Halo kawan, apa kabar? Apakah di rumahmu juga barusan turun hujan? Semoga engkau senantiasa bahagia dimanapun berada. Baik, pada tulisan kali ini, saya mencoba mengabadikan momen menyeruput kopi dalam satu meja bersama seorang aktivis senior dari Bojonegoro. Saya sebut senior, karena lebih tua dari saya. Serta ilmu, pengetahuan, pengalaman, dan wawasannya tentu lebih luas dari pada saya. Seluas cintanya dalam menggerakkan geliat literasi berasama kawan-kawannya di desa.

 

Kali ini saya berkesempatan ngopi eksklusif bersama Cak Lukman. Hal itu terjadi beberapa hari yang lalu. Saya mengenal dan tahu Cak Lukman ketika mengikuti Sekolah Keterbukaan dan Advokasi (SAKSI) Bojonegoro Institute. Kesan pertama yang saya tangkap darinya, ia merupakan sosok yang bisa dikatakan semi idependen.
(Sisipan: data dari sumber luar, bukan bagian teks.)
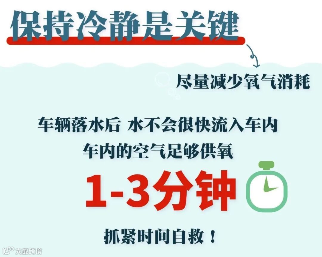 一定要牢记落水先开车门,车门推不开,就用安全锤砸侧车窗。平时我们一定要把安全锤放在随手就能拿到的地方。

Setengah merdeka, karena manusia tidak bisa sepenuhnya merdeka wabilkhusus dari takdir tuhan yang qat’i seperti mati.

 

Kala itu rambutnya agak panjang. Mengenakan kaca mata, dan pernah di suatu momen mengenakan kaos hitam bertuliskan “PLURASLISME”. Kaca mata yang ia kenakan memberi gambaran kalau ia terkadang suka membaca. Membaca buku-buku pemikiran, pendidikan, puisi, dan sebagainya. Terbukti dengan kalimat yang ia ucapkan, saya sering kali kurang bisa memahami apa yang ia lontarkan dengan bahasa ilmiah. Hal tersebut memberi gambaran sisi intelektual dari Cak Lukman Chakim. Dan membuktikan bahwa saya harus banyak belajar lagi darinya dan juga belajar kepada siapun juga.

 

Dalam hal membaca wanita, Cak Lukman tampaknya masih mengeja. Mencoba untuk menyusun kalimat yang bukan hanya sekedar kalimat, wkwkwk. Dan suatu saat nanti, kalimat itu akan keluar dari mulutnya sebagai legalisasi hubungan dengan wanita yang ia cinta, wasek. Cak Lukman sementara waktu mengaja wanita secara tidak langsung. Melalui karya sastra salah satu di antaranya puisi. Dan apabila ia berhasil menaklukan wanita plus meresmikan hubungan, saya akan ngansu kaweruh lagi dengannya terkait hal itu.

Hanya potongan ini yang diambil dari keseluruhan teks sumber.